Showing posts with label Learning theory. Show all posts
Showing posts with label Learning theory. Show all posts

Tuesday, June 28, 2011

The different isms.

I was once told that an effective classroom looked like a circus most of the time.  Different centers in different parts of the room testing and teaching different skills in different ways.  Exposing students to all the isms is critical to expanding the learning for all students.  It would be easy to use cognition to teach all my lessons, but it wouldn't be effective.  I would be going over the lessons but very few of my students would understand, retain, or connect the concepts I taught.  Therefore I might as well not have taught anything.  I enjoy teaching and learning how I can teach better.  I must know how a learner learns best.  

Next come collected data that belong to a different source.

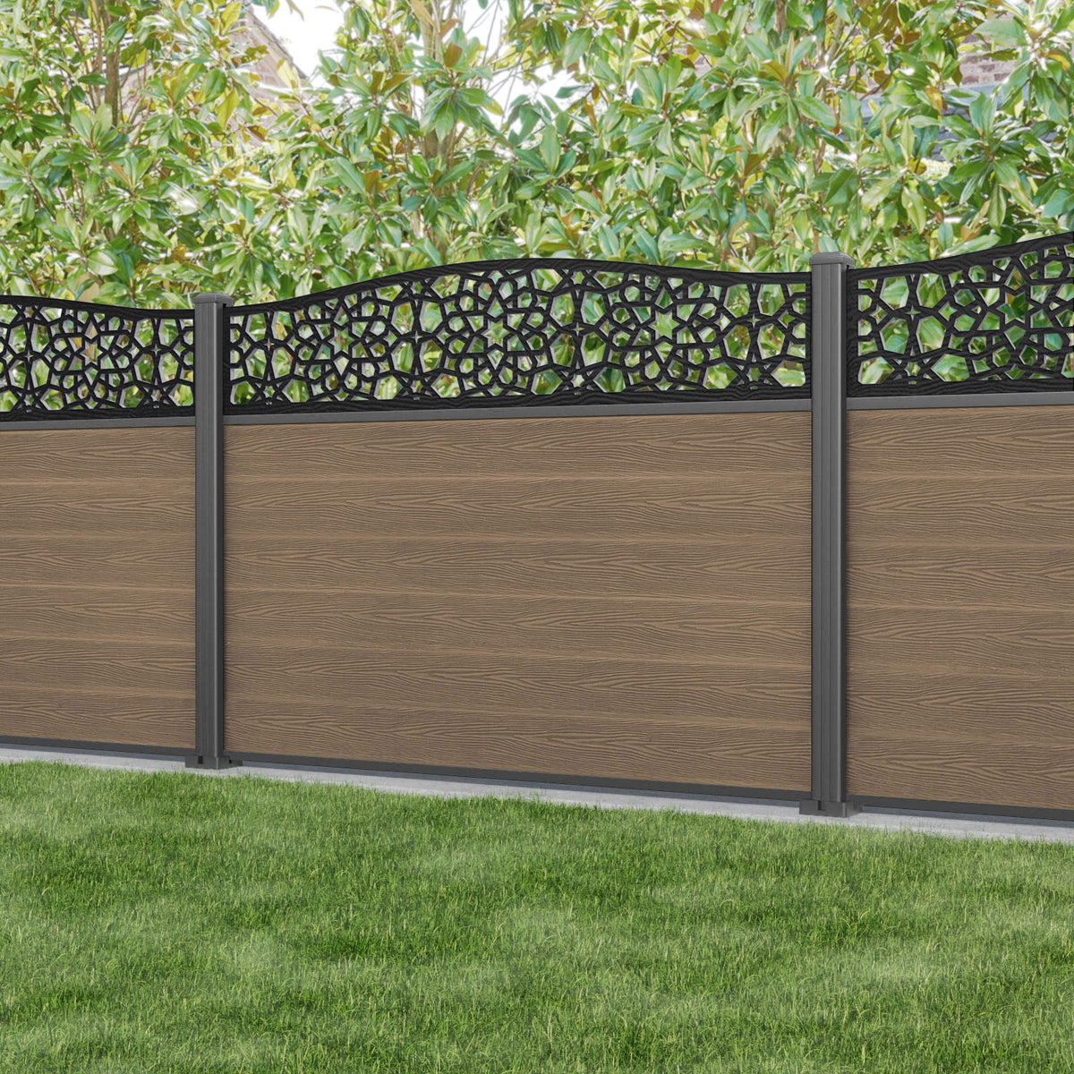 Classic Nazira Curved Top Fence Panel Teak - with our aluminium posts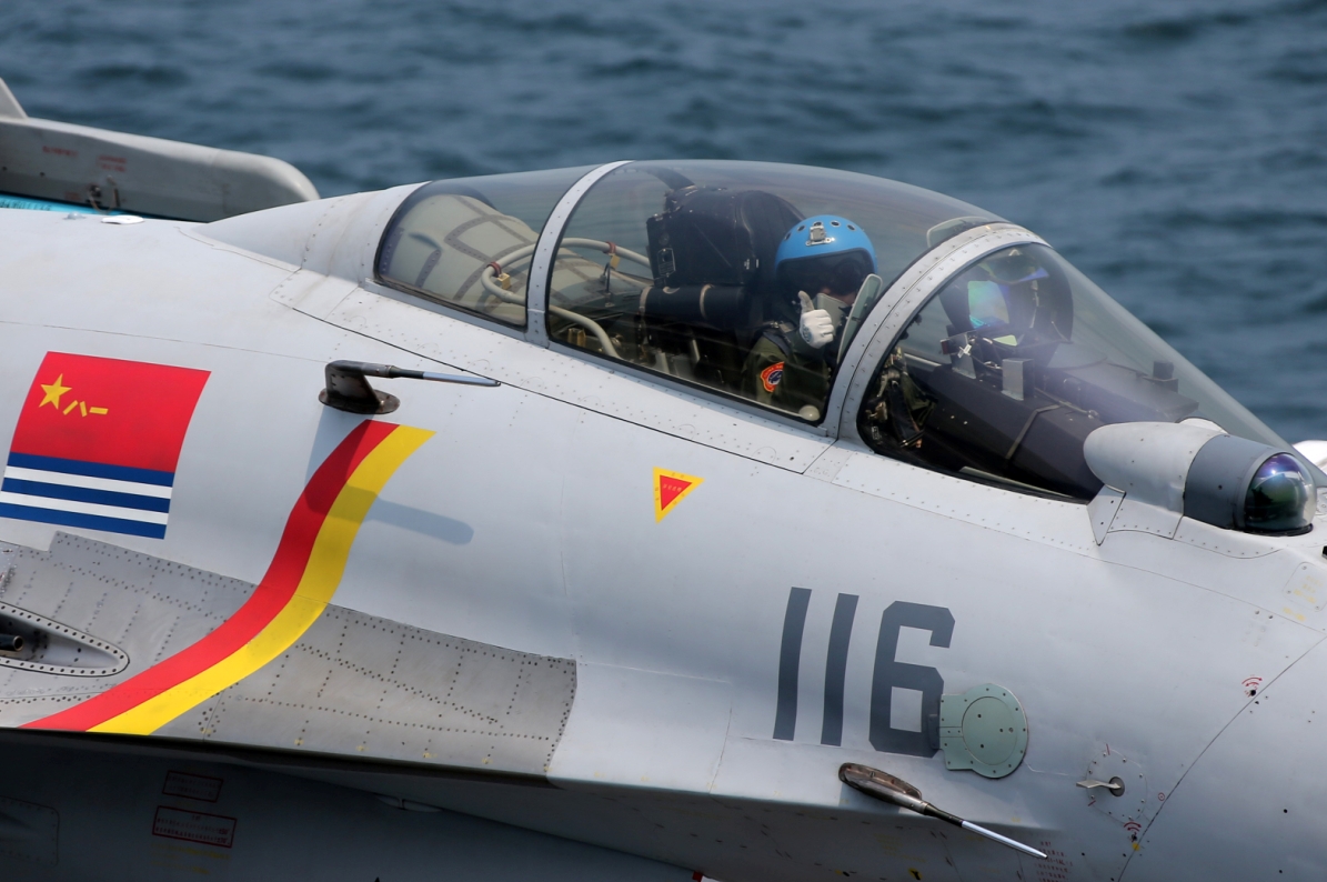 歼15舰载战斗机飞行员示意准备完毕,可以起飞。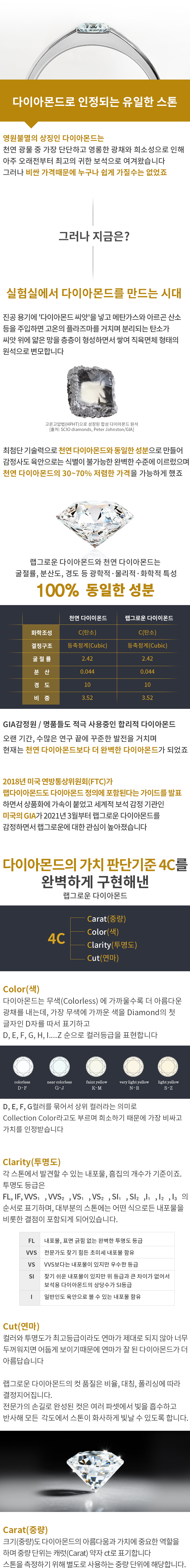 오랜 기간, 수많은 연구 끝에 현재는 천연 다이아몬드보다 더 완벽한 다이아몬드가 되었습니다

Teaching and learning are very complex issues.  Determining how someone learns best is a task within itself.  Bill Kerr brings up the isms and how they interlock.  Whereas Kapp delineates the learning styles by the level of learning they require.  When designing a lesson, I am thinking about my students' behavior, how they are processing the information, and the connections that they will make to their lives.  All three isms must be present for learning and understanding to take place.  I always want my students to remember and connect what I have taught them.  In addition, I want their behavior (written steps) to show that they have this understanding.  Therefore, I concur.  The isms aren't isolated units of thought.  Instead they are interlocking peaces of a larger problem.